O rosto mais bonito de todos estava em alto relevo, no centro da tampa. Não havia mais nada além da madeira escura, lisa, e rica e esse rosto no centro, com uma guirlanda de flores na testa. Pandora olhara para esse rosto muitas vezes e imaginava que a boca poderia sorrir, se quisesse, ou ficar séria quando desejasse, assim como qualquer boca viva. As feições, de fato, tinham uma expressão muito viva e um tanto travessa, que parecia prestes a se libertar dos lábios esculpidos e se manifestar em palavras.

Se a boca falasse, provavelmente diria algo assim:

“Não tenha medo, Pandora! Que mal pode haver em abrir a caixa? Nem se importe com o pobre e ingênuo Epimeteu! Você é mais esperta do que ele e tem dez vezes mais coragem. Abra a caixa e veja se você não encontrará algo muito bonito!”

A caixa, quase me esqueci de dizer, estava presa; não por um cadeado, mas por um nó de cordão dourado muito intricado. Não parecia haver começo nem fim para esse nó. Nunca houve um nó tão habilmente amarrado, nem com tantos ziguezagues, que desafiavam maliciosamente os dedos mais habilidosos a desatar. E ainda assim, pela própria dificuldade de desfazê-lo, Pandora estava ainda mais tentada a examiná-lo e ver como era feito. Duas ou três vezes, já, ela havia se agachado sobre a caixa e pegado o nó entre o polegar e o indicador, mas sem realmente tentar desatá-lo.
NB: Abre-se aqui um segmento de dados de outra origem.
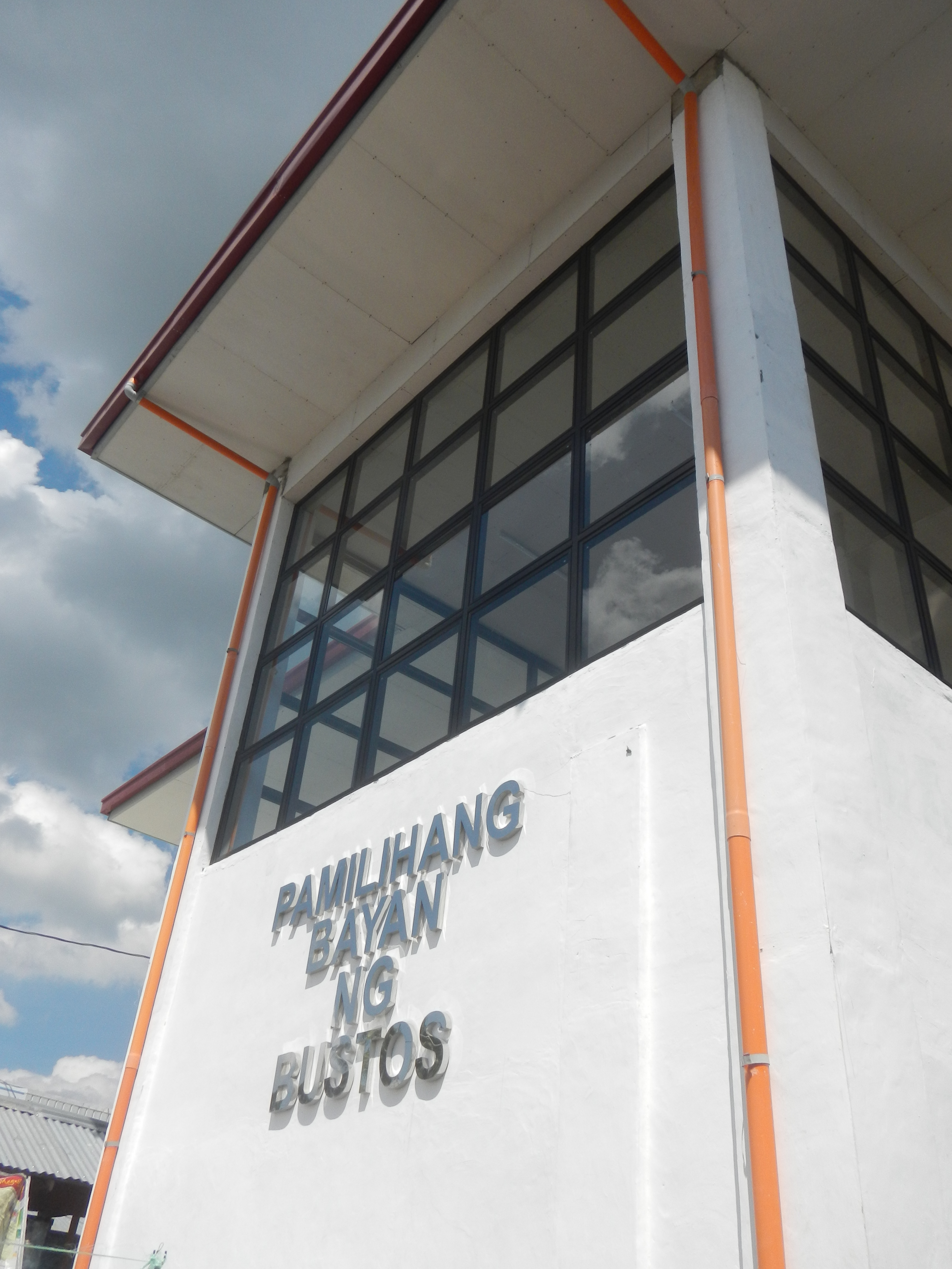 Construction of the New Bustos, Bulacan Public Market Barangay Poblacion 14°57'20"N 120°54'34"E, Bustos, Bulacan, Province Bulacan province (Note: Judge Florentino Floro, the owner, to repeat, Donor Florentino Floro of all these photos Judge Floro hereby donate gratuitously, freely and unconditionally all these photos to and for Wikimedia Commons, exclusively, for public use of the public domain, and again without any condition whatsoever).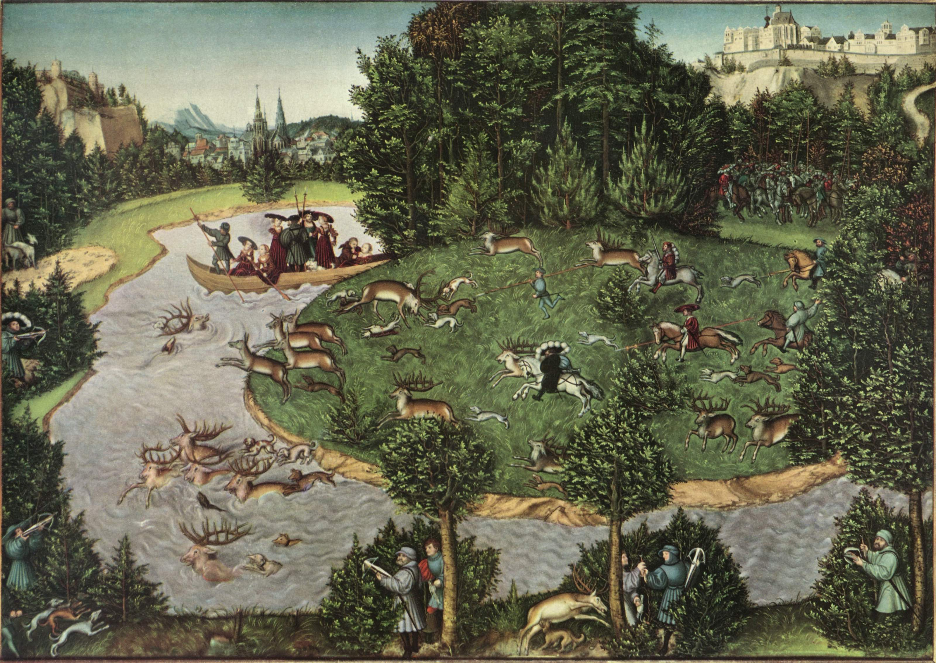 In the background there is a town and to the right a castle complex. In the centre of the foreground is the Elector Friedrich the Wise, further to the right is the Emperor Maximilian I. and on the far right Elector Johann the Steadfast. As neither the Elector Friedrich nor the Emperor Maximilian I. were still alive in 1529 it must be interpreted as a visual mementos commissioned by Johann the Steadfast to recall a hunt, which may have taken place in 1497 when both the Saxon princes were guests at Maximilian I.'s court in Innsbruck.

“Eu realmente acredito,” disse ela para si mesma, “que já estou começando a entender como foi feito. Talvez eu possa amarrá-lo novamente, depois de desatar. Não haveria mal nisso. Mesmo Epimeteu não me culparia por isso. Eu não preciso abrir a caixa e, é claro, não o faria sem o consentimento do tolo, mesmo que o nó estivesse desatado.”

Talvez tivesse sido melhor para Pandora se ela tivesse algum trabalho a fazer, ou qualquer coisa para ocupar sua mente, de modo que ela não ficasse pensando incessantemente nesse único assunto. Mas as crianças viviam uma vida tão tranquila, antes que qualquer Problema viesse ao mundo, que elas realmente tinham muito tempo livre. Elas não podiam brincar para sempre de esconde-esconde entre os arbustos floridos ou de cabra-cega com guirlandas nos olhos, ou quaisquer outros jogos que haviam sido inventados, quando a Mãe Terra ainda estava em sua infância. Quando a vida é toda diversão, o trabalho é a verdadeira brincadeira. Não havia absolutamente nada que fazer. Talvez um pouquinho de varrer e limpar a casa, e a colheita de flores frescas (que eram demasiadamente abundantes em todos os lugares) e arranjá-las em vasos, — e o trabalho diário de Pandora já estava terminado. E então, pelo resto do dia, havia a caixa!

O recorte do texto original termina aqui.